Agencies like Golden Steps ABA, which focuses on Applied Behavior Analysis (ABA), operate across a number of states, and changes introduced in the OBBB can also hit compensation rates depending on where clinicians operate.

This makes the issue not just a federal restriction but also shows some of the state-side policy changes have only added more pressure to an already delicate situation. Oklahoma, for instance, added a restriction of 50 miles from the state’s borders to allow residents to seek medical resources in another state, such as ABA therapy.

And it also hits where providers and clinicians move in order to receive appropriate compensation, with rates varying significantly enough from state-to-state to impact where they settle and what kind of pool of talent various groups and centers can pull.

“I’m in Fort Wayne, Indiana, which is along the Ohio border, and because of reimbursement rates that are different in Indiana and Ohio, we have many BCBAs [Board Certified Behavior Analysts] from Ohio traveling into Indiana just to be compensated fairly,” Koble said, which has left Ohio with “minimal clinicians, and families are struggling to find services.”

Golden Steps ABA functions in states like Indiana, Oklahoma, Nebraska, North Carolina, Virginia, Arizona, Utah, Massachusetts, and Maryland, while looking to expand into others, which means they largely operate in states that voted for Trump and Republicans.

“There is shortages of behavior analysts in specific areas of the country. So that’s definitely a factor,” Berger said. “In terms of what parents can do, it’s really, from an advocacy perspective, I think there’s room for parents to be involved.”

“What we have been doing as part of our autism families alliance is trying to create some sort of a grassroots movement for families to advocate for themselves to their local politicians,” Berger added. “There are so many people in that they themselves have been impacted by autism in their lives.”

Trump Administration’s Focus on Autism

The Trump administration has made autism an outsized focus during its overhaul of the nation’s healthcare system, with HHS Secretary Robert F. Kennedy Jr. launching an effort to determine the “cause” of what he termed the “autism epidemic.”

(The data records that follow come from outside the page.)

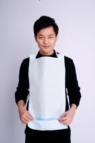 we offer Dental Bibs. Specifications Disposable Dental Bib with pocket Material: tissue paper+pe film Size:32*20cm,40*28cm or as demand Weight: 30-50gsm Detnal Bibs with pocket Feature: 1. Material: 12 tissue paper + pe film 2. Size: 13"*18",can be produced as per customers'requirements 3. Weight: range from 28gsm to 50gsm 4. Color: white,blue,green,pink,yellow,purple,and so on 5. Packaging:Piece or perforated roll packaging, 6. Advantage: sanitary, disposable, convenient, economical and environmental
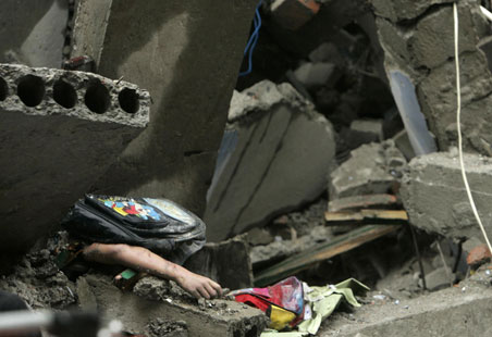 An arm of a victim is seen amidst the debris of a collapsed building after an earthquake in Dujiangyan, Sichuan province May 13, 2008. [Agencies]
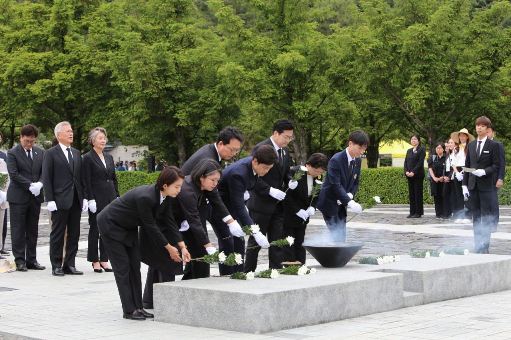 박찬대 더불어민주당 대표 권한대행, 김용태 국민의힘 비상대책위원장, 김선민 조국혁신당 대표 권한대행, 천하람 개혁신당 대표 권한대행, 김재연 진보당 상임대표, 용혜인 기본소득당 대표, 한창민 사회민주당 대표 등은 노 전 대통령 묘역 앞에서 나란히 참배했다.

Kennedy Jr., who has pledged to “Make America Healthy Again,” has frequently spread health misinformation, including claims linking vaccines to autism, a connection that has been widely discredited by scientific research.

“The autism rates have gone from—our most recent numbers we think are going to be about 1 in 31, so they are going up again, from 1 in 10,000 when I was a kid,” the health secretary previously said.

According to the Centers for Disease Control and Prevention (CDC), 1 in 36 children have been identified with autism spectrum disorder (ASD). Its data going back to 2000 reported that 1 in 150 children was diagnosed with autism.

However, Dr. Alex Kolevzon, clinical director of Seaver Autism Center for Research and Treatment at Icahn School of Medicine at Mount Sinai, previously told Newsweek the increase in autism diagnosis is partially due to “new iteration[s] of the diagnostic manual,” with the diagnostic criteria “steadily” broadening.

Ultimately, Kennedy Jr. announced the administration had linked autism to the use of acetaminophen, the active ingredient in Tylenol, by pregnant mothers. Authors of the study that Kennedy Jr. leaned on for his determination warned however that “we obviously need more definitive studies than we have, but what we do know is acetaminophen has many of the hallmarks of an environmental toxicant.”